In the beginning there was no problem. Three out of four members of the family were earning. Interactions at the dinner table were pleasant. For a long time after marriage, Sanjeet's parents didn't ask Anjoli directly how much she was earning. She on her own found no need to volunteer the information.
But she contributed in her own way by paying a few bills here and there and buying things for the house. It was assumed that she was saving a large chunk of her salary. Even if her in laws were curious, they didn't ask. They were not dependent on her financially and Sanjeet too was earning.
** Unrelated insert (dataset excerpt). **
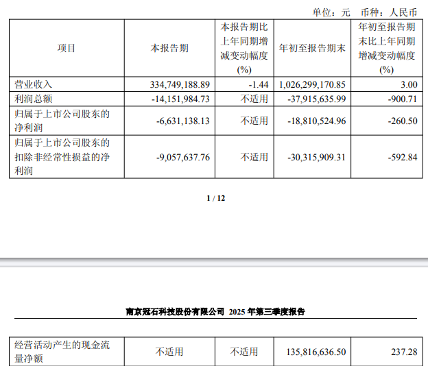 中国经济网北京12月16日讯 冠石科技(605588.SH)近日发布2025年第三季度报告显示,2025年第三季度,公司实现营业收入3.35亿元,同比下滑1.44%;归属于上市公司股东的净利润-663.11万元;归属于上市公司股东的扣除非经常性损益的净利润-905.76万元。
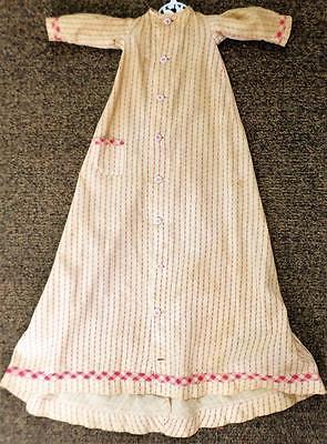 Antique China Doll Woven Stripe Cotton Day Dress Glass Calico Button 23" Long !!

But one fine day the domestic peace was shattered when Sanjeet's parents found out that more than half of Anjoli's salary was still going towards supporting her mother and younger brother. She was paying the installments on the housing loan that she had taken pre-marriage. Her brother's income was not substantial enough to let them stop taking help from Anjoli yet.
When Anjoli's mother fell sick it was Anjoli who paid most of the medical and hospital bills. She didn't mind. Nor did Sanjeet. Her mother had done her duty and now it was Anjoli's turn to reciprocate.
But Sanjeet's parents did mind. It's not that they are 'bad' people. It's just that they belong to the class of people who believe that once the girl gets married, all her responsibilities towards her old family are over. In India there are people who won't even drink water in their married daughter's house.
The idea that Anjoli was staying in their house but her money was going elsewhere seemed very unfair to them. And then the calculations began. Who was earning how much, spending how much, contributing to the household expenses how much? They said that they were not after Anjoli's money but resented the fact that outsiders were exploiting their daughter-in-law financially.